If you're interested in the future of science, this package of stories is a must-read.

In one essay, Natalie Wolchover writes about the data from outer space that could eventually reveal what dark energy really is. Here's the fascinating opening from her article:

Even as he installed the landmark camera that would capture the first convincing evidence of dark energy in the 1990s, Tony Tyson, an experimental cosmologist now at the University of California, Davis, knew it could be better. The camera’s power lay in its ability to collect more data than any other. But digital image sensors and computer processors were progressing so rapidly that the amount of data they could collect and store would soon be limited only by the size of the telescopes delivering light to them, and those were growing too. Confident that engineering trends would hold, Tyson envisioned a telescope project on a truly grand scale, one that could survey hundreds of attributes of billions of cosmological objects as they changed over time.

It would record, Tyson said, “a digital, color movie of the universe.”

Tyson’s vision has come to life as the Large Synoptic Survey Telescope (LSST) project, a joint endeavor of more than 40 research institutions and national laboratories that has been ranked by the National Academy of Sciences as its top priority for the next ground-based astronomical facility.

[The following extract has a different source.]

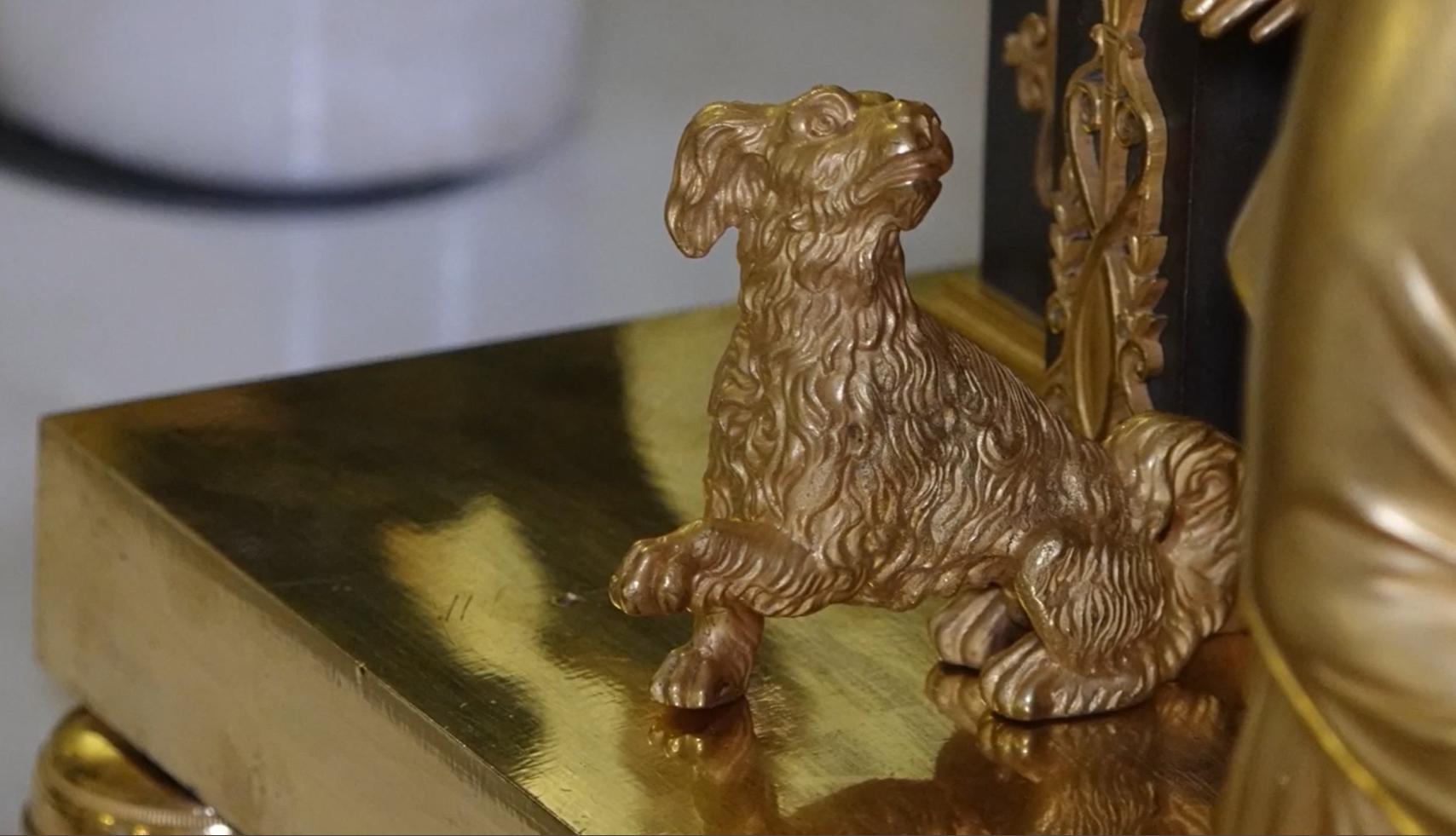 Как выяснилось, у антиквара в галерее имелись аналогичные часы, но с дополнительным элементом – бронзовой собачкой. Такие же часы сохранились в Мальмезоне – бывших владениях Жозефины Богарне, супруги Наполеона I.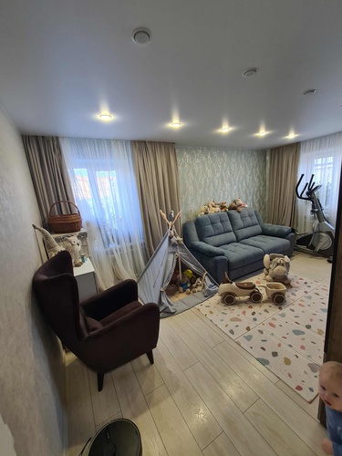 Дом расположен вдали от проезжей части с развитой инфраструктурой.

Set on a Chilean mountaintop, and slated for completion by the early 2020s, the 8.4-meter LSST will be equipped with a 3.2-billion-pixel digital camera that will scan 20 billion cosmological objects 800 times apiece over the course of a decade. That will generate well over 100 petabytes of data that anyone in the United States or Chile will be able to peruse at will. Displaying just one of the LSST’s full-sky images would require 1,500 high-definition TV screens.

The LSST epitomizes the new era of big data in physics and astronomy. Less than 20 years ago, Tyson’s cutting-edge digital camera filled 5 gigabytes of disk space per night with revelatory information about the cosmos. When the LSST begins its work, it will collect that amount every few seconds — literally more data than scientists know what to do with.

Tony Tyson, an experimental cosmologist at the University of California, Davis, with a small test camera for the Large Synoptic Survey Telescope project, which he is helping to launch.

“The data volumes we [will get] out of LSST are so large that the limitation on our ability to do science isn’t the ability to collect the data, it’s the ability to understand the systematic uncertainties in the data,” said Andrew Connolly, an astronomer at the University of Washington.

Typical of today’s costly scientific endeavors, hundreds of scientists from different fields are involved in designing and developing the LSST, with Tyson as chief scientist. “It’s sort of like a federation,” said Kirk Borne, an astrophysicist and data scientist at George Mason University. The group is comprised of nearly 700 astronomers, cosmologists, physicists, engineers and data scientists.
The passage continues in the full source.